One of the most common questions from newcomers to the sport is the question of freediving records. “Who is the deepest freediver in the world?” is a very common question and the answer can be quite complicated. Freediving has some interesting and sometimes confusing terms and rules surrounding the different ‘disciplines’ or competition types. Free immersion, constant weight, dynamic, static… fancy words but what the hell do they actually mean?
We’re not exactly sure who to thank for our confusing freediving terms but whoever took the simple art of diving on one breath and turned it into the linguistic dog’s breakfast that it’s become has got some explaining to do!
Anyway, we’ve decided to make it nice and simple for you and explain the most common disciplines you’re likely to encounter as an everyday freediver, and what the freediving record is for each one.

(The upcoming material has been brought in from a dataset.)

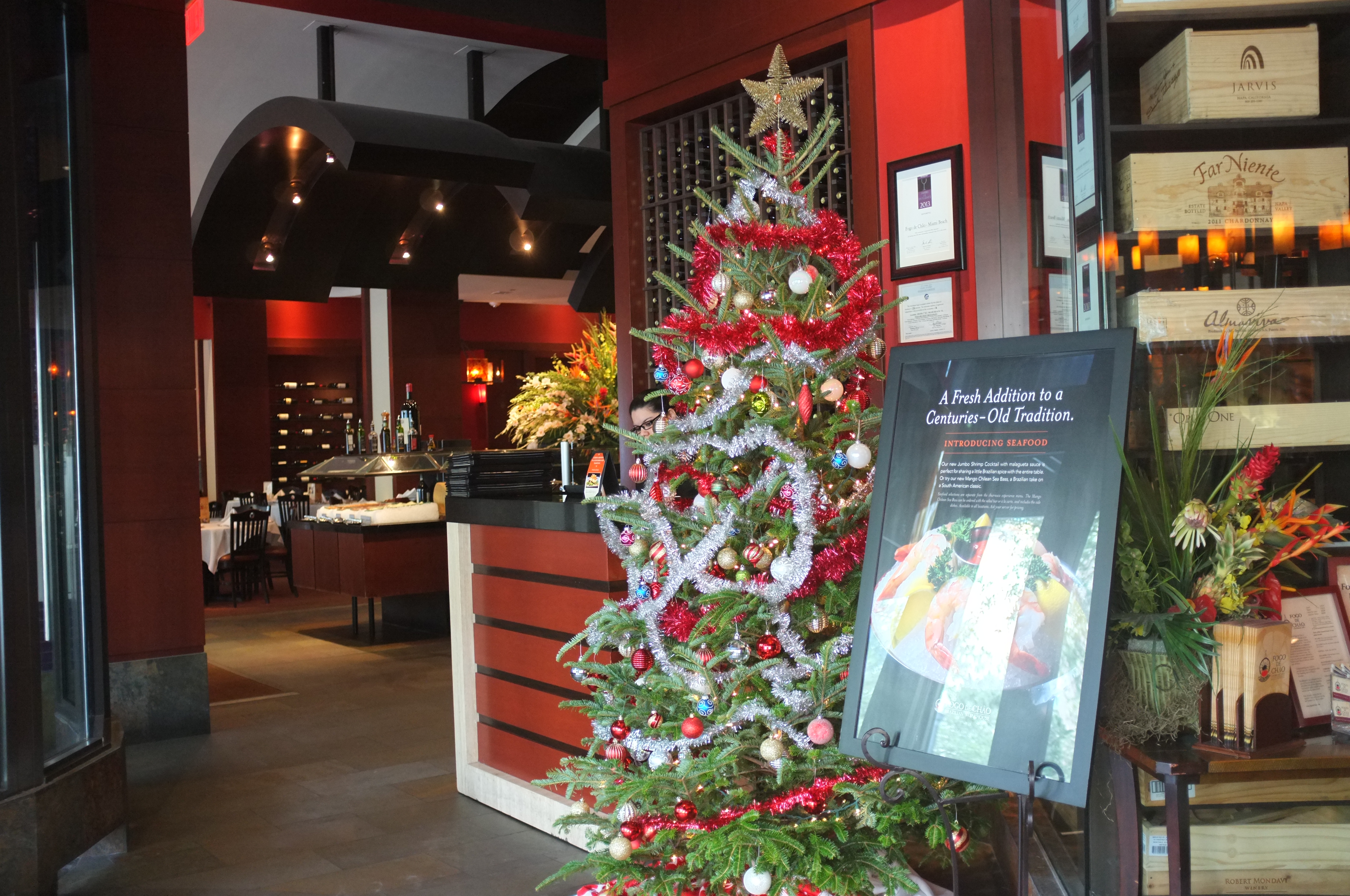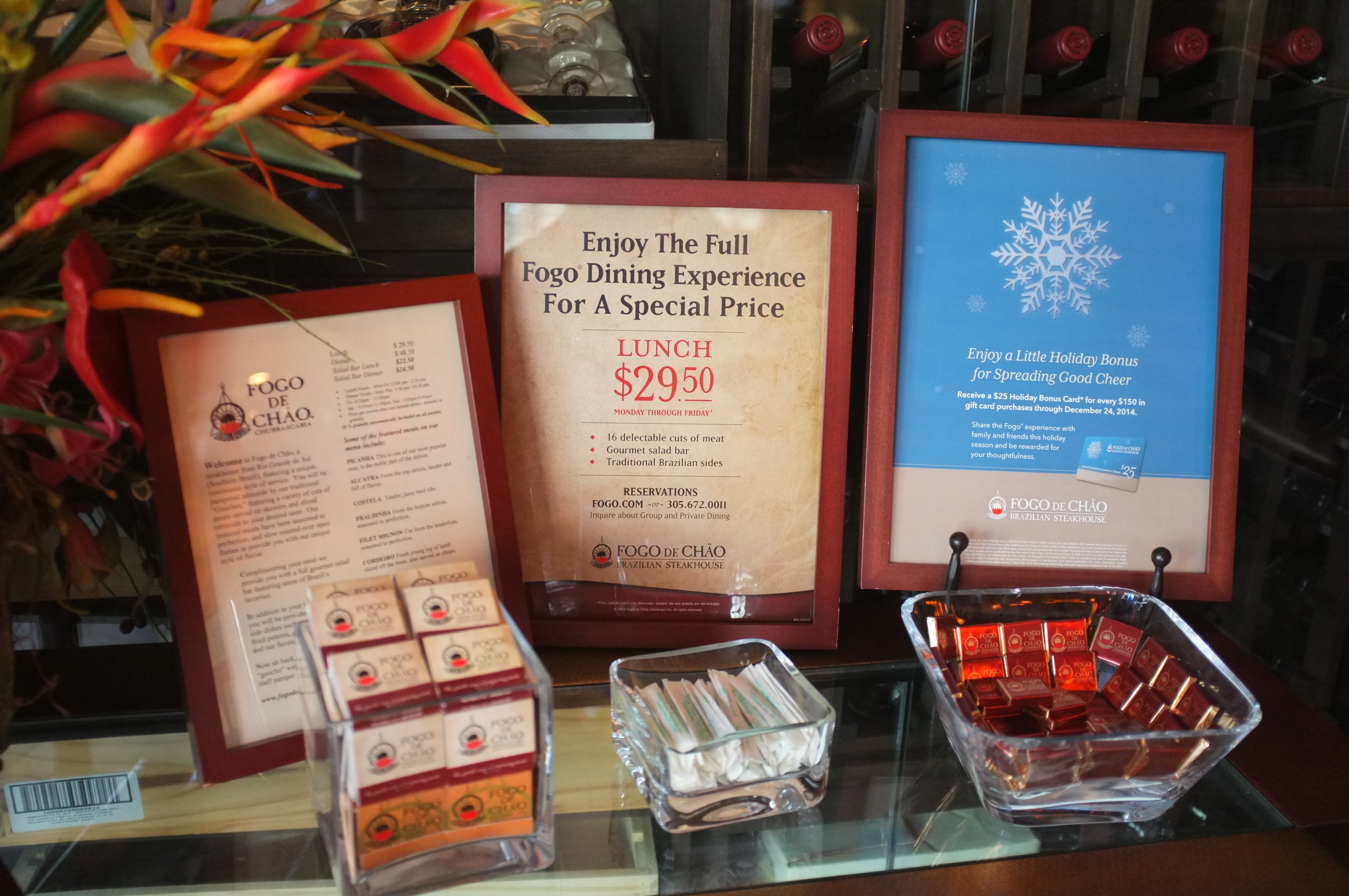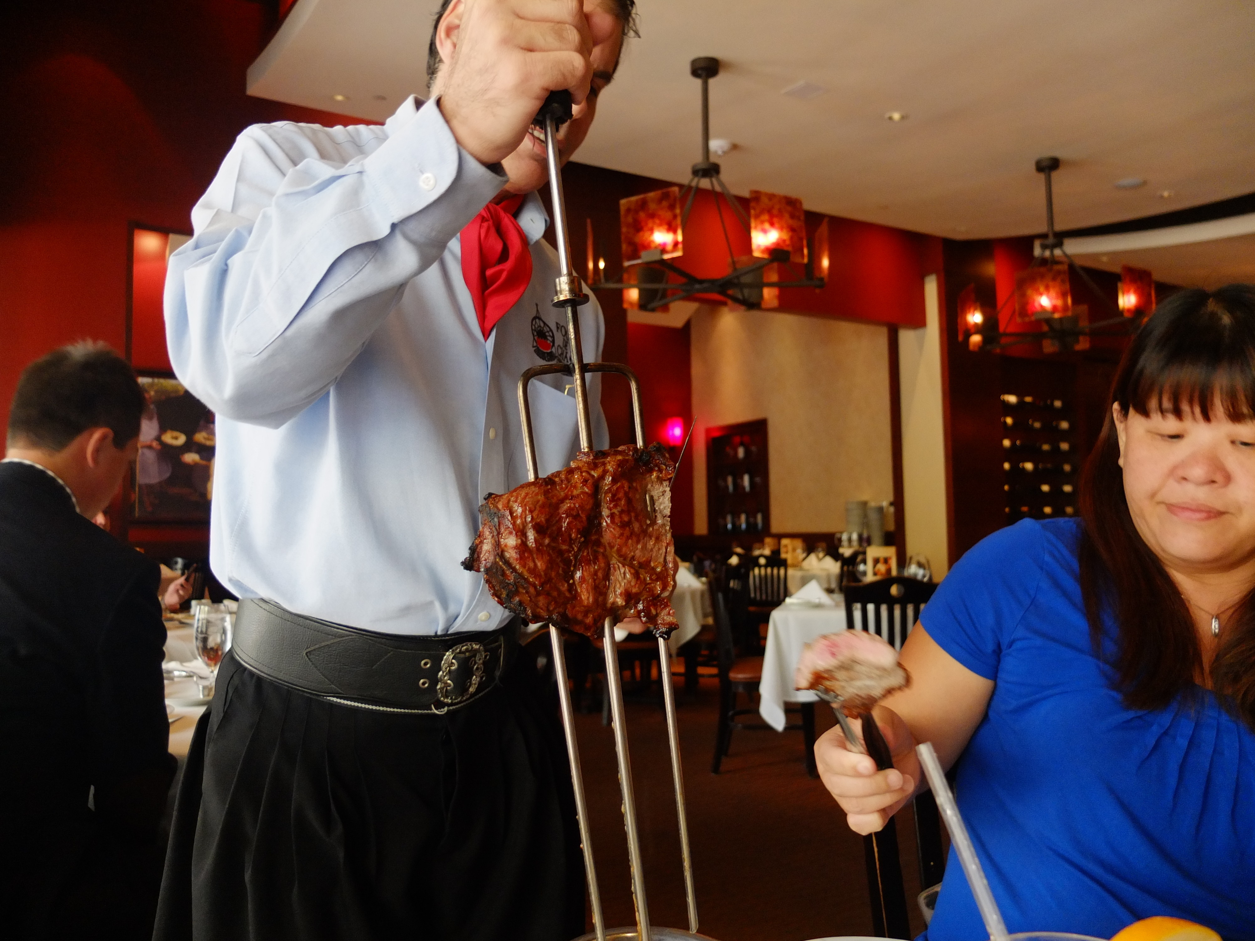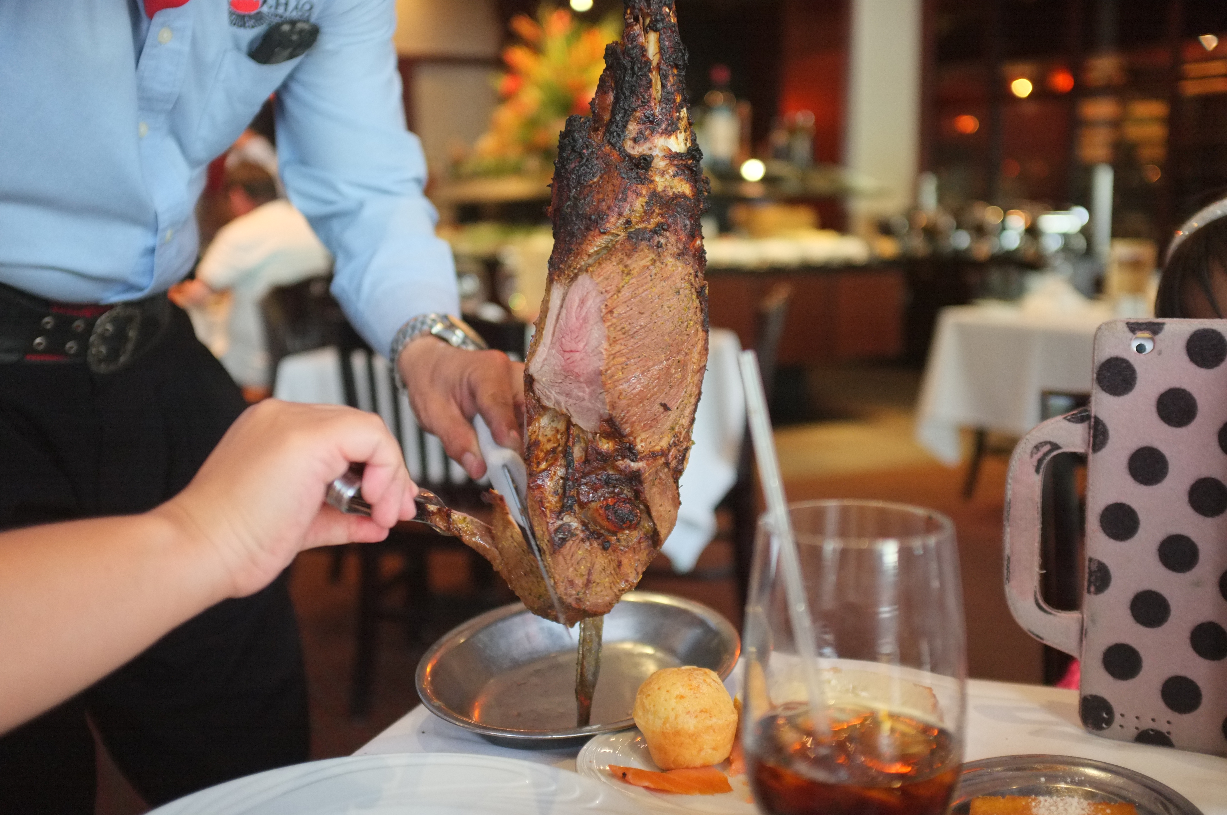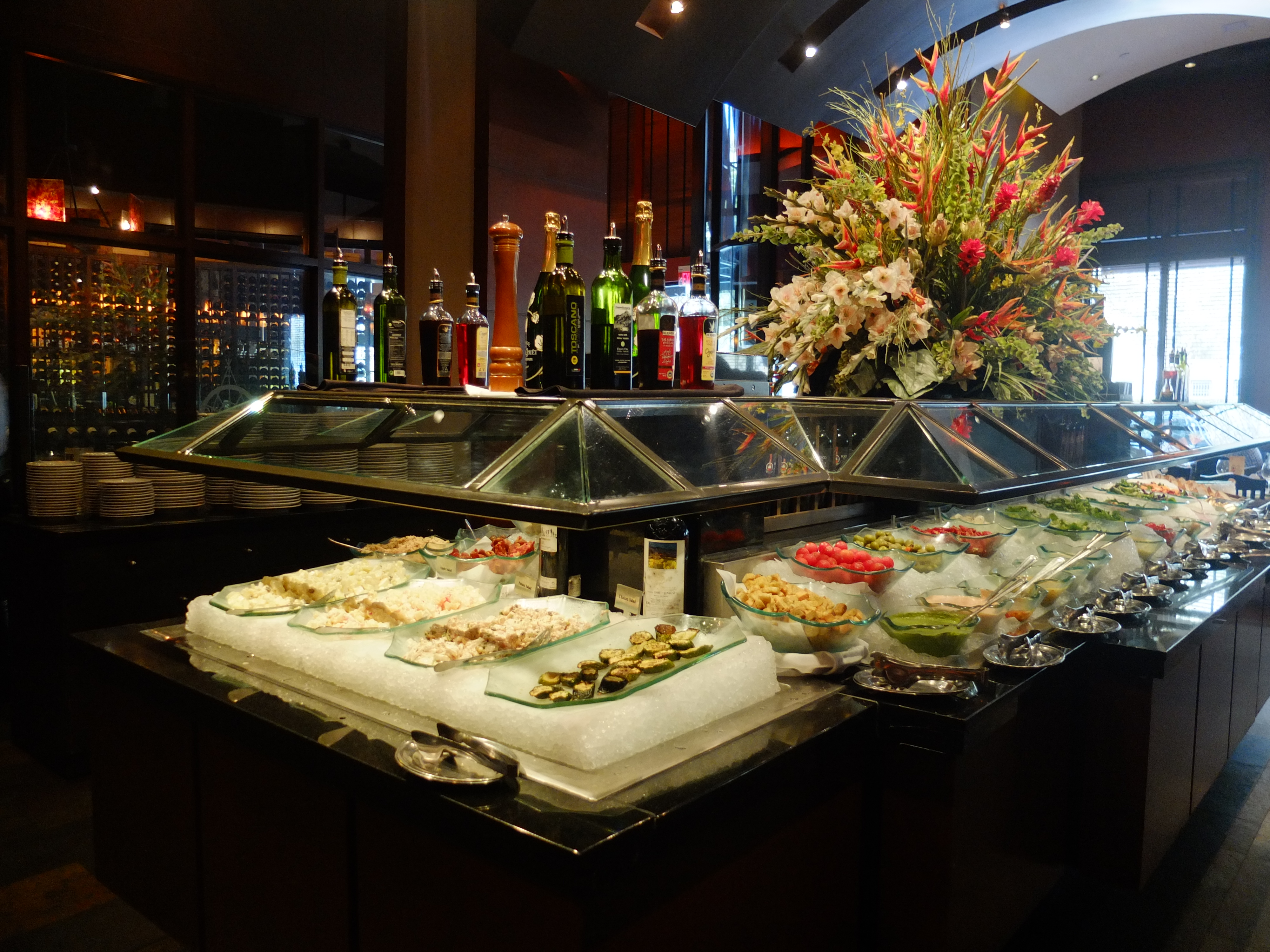 We headed to Fogo De Chao, a Brazillian Styled Chain, to have our lunch after exhausting most of our options. We decided that it would be a good comparison to Ohana, the Disney restaurant that we had dined at not long ago. Along the way, we pointed at houses and various places of residence that we could not help but ogle upon. Some of these houses were simply gorgeous, with some even on an island, linked only by a bridge to the mainland. When we finally arrived at Fogo De Chao, we were still early, but the manager allowed us to sit inside, instead of standing outside in the cold weather. This had been the coldest days since the beginning of our trip, and we lamented on the start of our vacation, seeing about how it was about to inevitably end. Soon enough, we were guided to our tables and shown the Salad Bar and the way the food system works, which was really unique.

Disclaimer: Apneista advises that freediving is a holistic spiritual experience involving body and mind and thus records and personal bests (PBs) are not important to the enjoyment of the sport.
FREEDIVING RECORDS FOR POOL DISCIPLINES
Let’s start with the easiest ones. The definition of the word ‘dynamic – and its variations from other languages – essentially means, pertaining to force producing motion (think the opposite of ‘static’). And, apnea means, a temporary cessation of breathing, or simply, holding ones breath underwater.
So, complicated linguistics aside, Dynamic Apnea, or simply ‘dynamic’, is the name that we give in freediving to the discipline of swimming underwater in the pool on one breath measured in horizontal distance.
Remember growing up when you and your siblings used to hold highly-competitive tournaments to see who could do the most laps of the backyard pool on one breath? Well you probably didn’t know it at the time, but you were actually competing in a Dynamic freediving competition.
There are two types of Dynamic disciplines; with fins and without.
Dynamic with fins (DYN)
Men’s world record: Mateusz Malina & Giorgos Panagiotakis (300m)
Women’s world record: Magdalena Solich (243m)
Dynamic no fins (DNF)
Men’s world record: Mateusz Malina (244m)
Women’s world record: Magdalena Solich (191m)
Static Apnea (STA)
And as you’ve probably worked out by now, Static apnea, or just ‘static’, is the discipline of in-water breath hold without moving. Different to all the other freediving disciplines in that it doesn’t require any diving or swimming at all, the contestants simply float whilst holding their breath for as long as they possibly can. Of all the disciplines static has a reputation as being very challenging for the mind because you basically hold your breath while carbon dioxide wreaks havoc on your brain as your mind begs you to take a breath. Oh, and it’s also not much of a spectator’s sport as you’ll see in the 10 minute video below but there is a certain level of epic, jaw-dropping respect for those in the top echelons of static.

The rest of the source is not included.